= Elizabeth Baker (diarist) =

British diarist

Elizabeth Baker (c. 1720 – c. 1797) was an English secretary, diarist, and amateur geologist.

==Life==
Baker was from the English Midlands, where her father was a minister. She lived for a time in Coventry, Warwickshire.

She moved to Wales in 1770 to prospect for metals in the Dolgellau area of Merionethshire, but did not have the financial support of her partners to be able to complete the endeavour. She obtained a position with Hugh Vaughan (Note: Hugh Vaughan was the great-great grandson of antiquary Robert Vaughan.) as his secretary at Hengwrt until 1778. She lived there until his property was taken on behalf of his creditors. Baker then lived in Bryn Adda for about six years, followed by Dolgellau. She documented her experiences in ten diaries, which were held by the National Library of Wales, and excerpts were published in its journal. They are considered notable for the documentation of the history of the area. Vaughan was a solicitor, and her diary documents some of his legal proceedings.

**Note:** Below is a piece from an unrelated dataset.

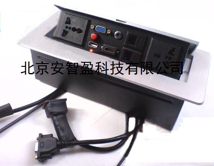 配置: 二个多功能三孔电源插座接口、一个2.0带充电功能接口、一个VGA(D-sub)接口、一个多媒体高清HDMI接口、一个3.5mm立体声耳机音频接口、一个RJ11电话语音(可换RJ45网络)接口、一个RJ45网络接口、一个开关接口(内置功能可根据客户实际需要改动或定做)

Correspondence that was archived with her diaries show that she was alive until 1797. She is believed to be the Elizabeth Baker who was buried in Dolgellau in 1799. (Note: The Dictionary of Welsh Biography states that she died on 26 November 1789, and was buried in the Dolgellau churchyard.) Identified as Mrs. Baker, her papers and diaries from the period from 1740 to 1798 were archived at the National Library of Wales.